Problem to solve. Set the whole listing down again, word for word, with no pictures.

::: Given information

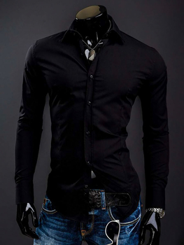 Camisa elegante de manga larga para hombre negro Bolf 22732
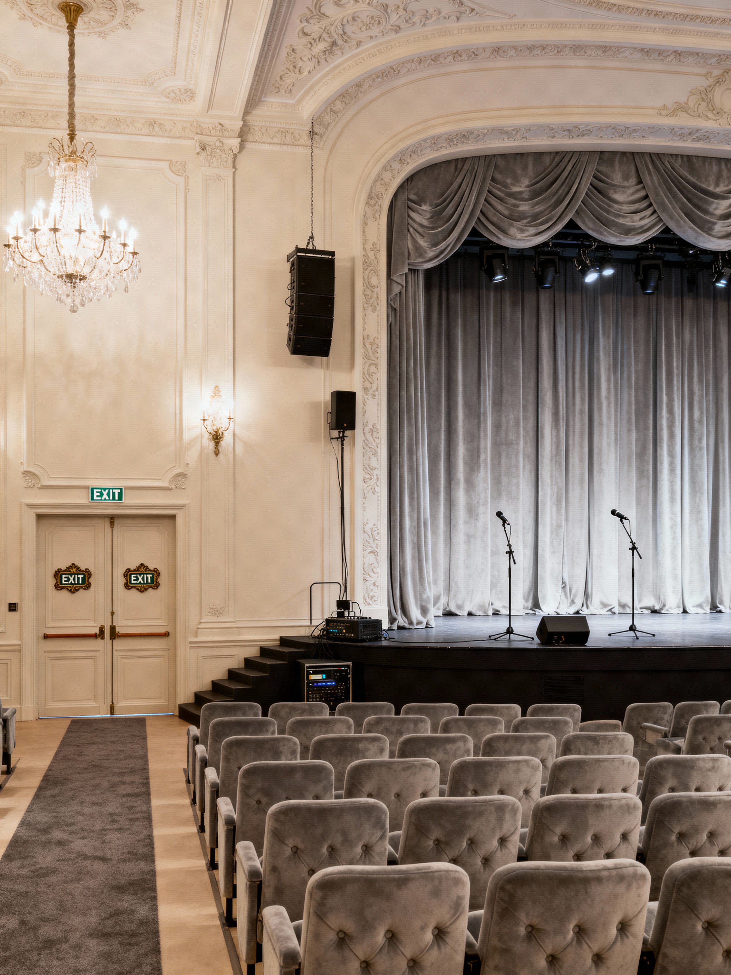 auditorium with parisian style with stage and microphones and sound system and lighting equipment and theater seats and exit signs and aisles and curtains. . with classic details and vintage pieces and sophisticated charm and timeless beauty and european flair and ornate moldings and neutral palette and chic simplicity
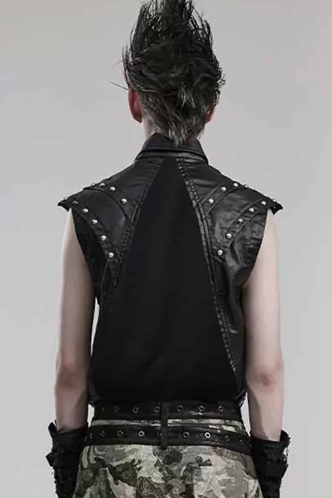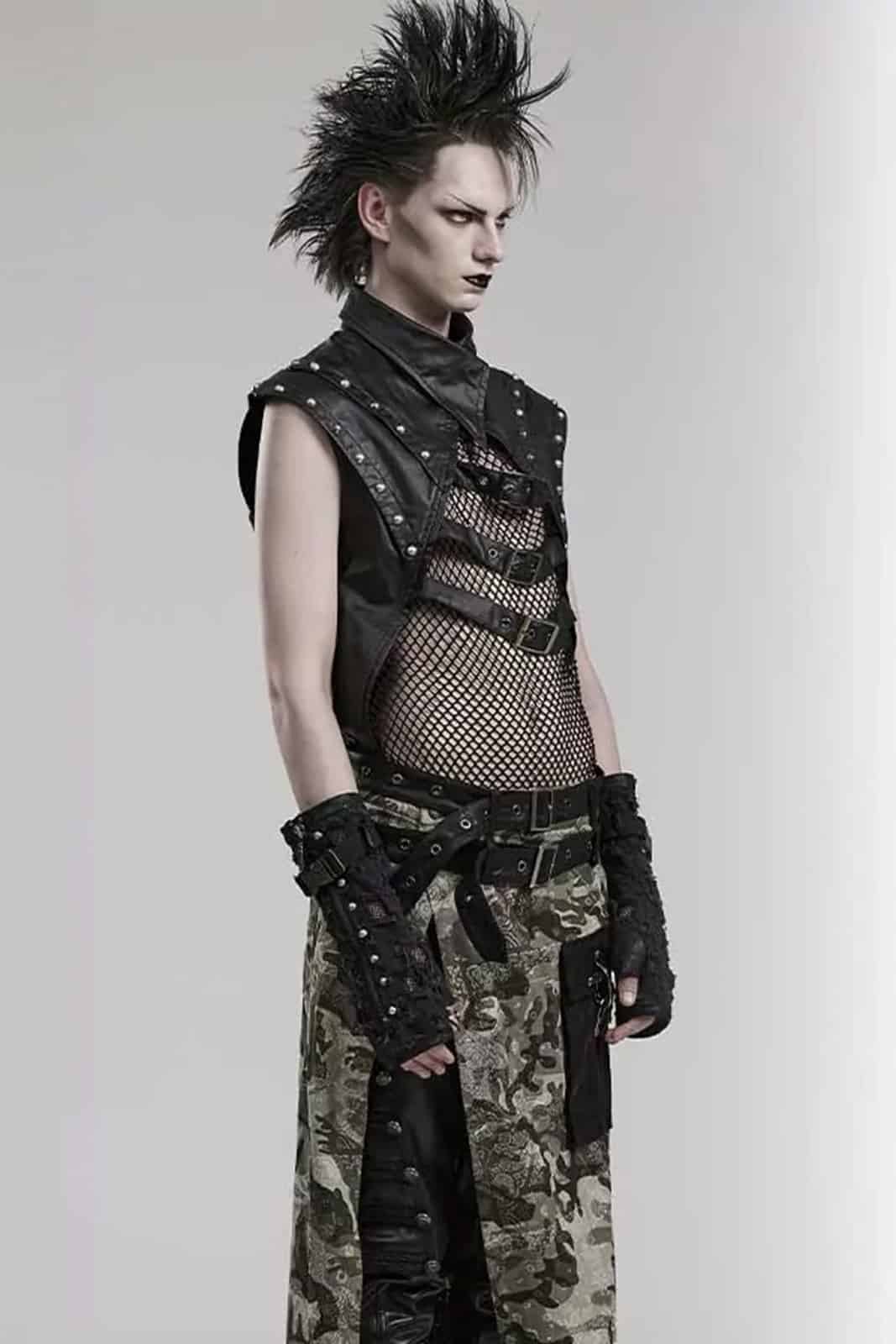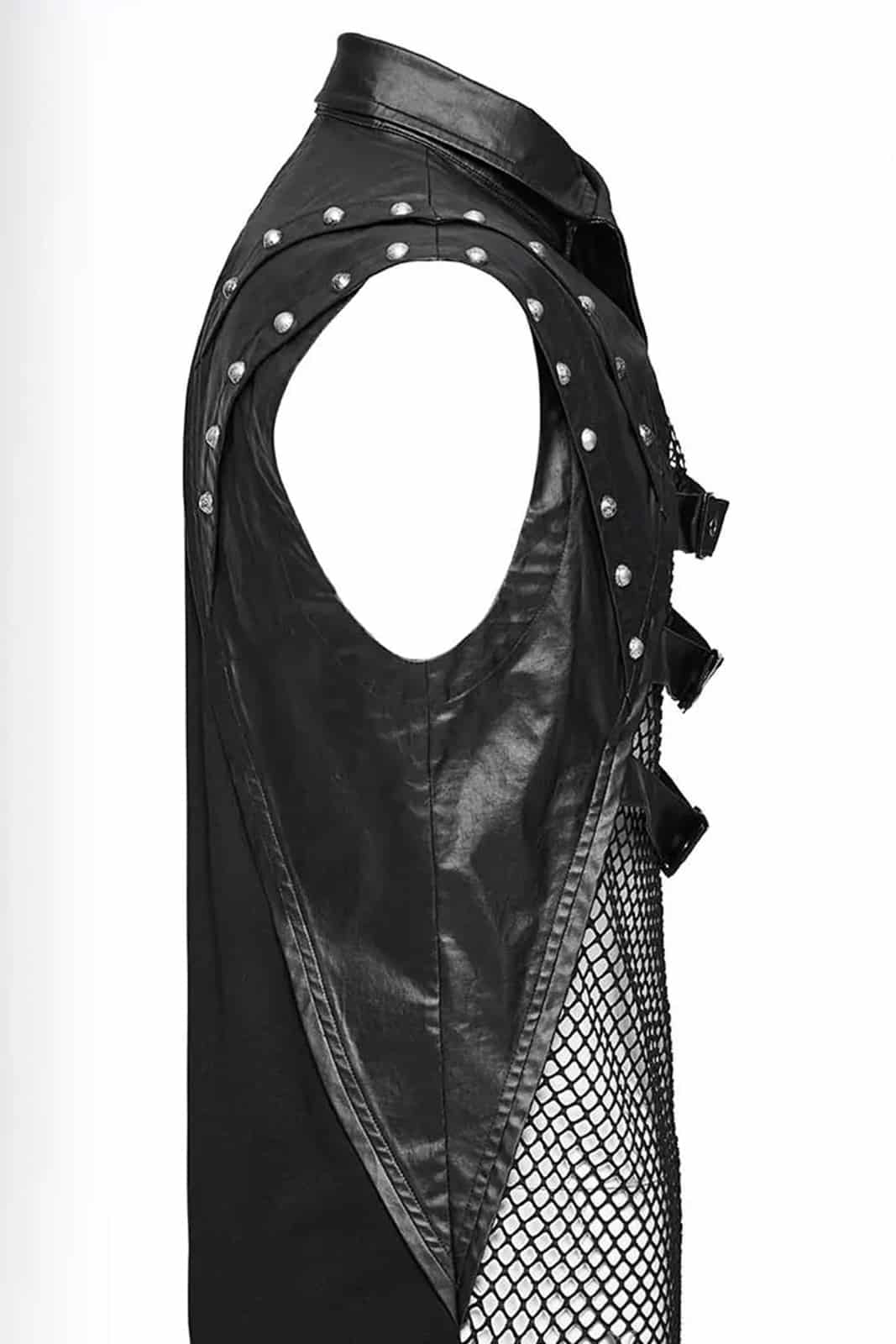 Ärmelloses Oberteil im taillierten Schnitt mit schwarzer Mesh-Vorderseite und gestrickter Jersey-Rückseite. Bestückt mit Kunstlederdetails und nietenbesetzten Schnallenriemen.

::::::

Reply.
 Camisa elegante de manga larga para hombre negro Bolf 22732
 auditorium with parisian style with stage and microphones and sound system and lighting equipment and theater seats and exit signs and aisles and curtains. . with classic details and vintage pieces and sophisticated charm and timeless beauty and european flair and ornate moldings and neutral palette and chic simplicity
 Ärmelloses Oberteil im taillierten Schnitt mit schwarzer Mesh-Vorderseite und gestrickter Jersey-Rückseite. Bestückt mit Kunstlederdetails und nietenbesetzten Schnallenriemen.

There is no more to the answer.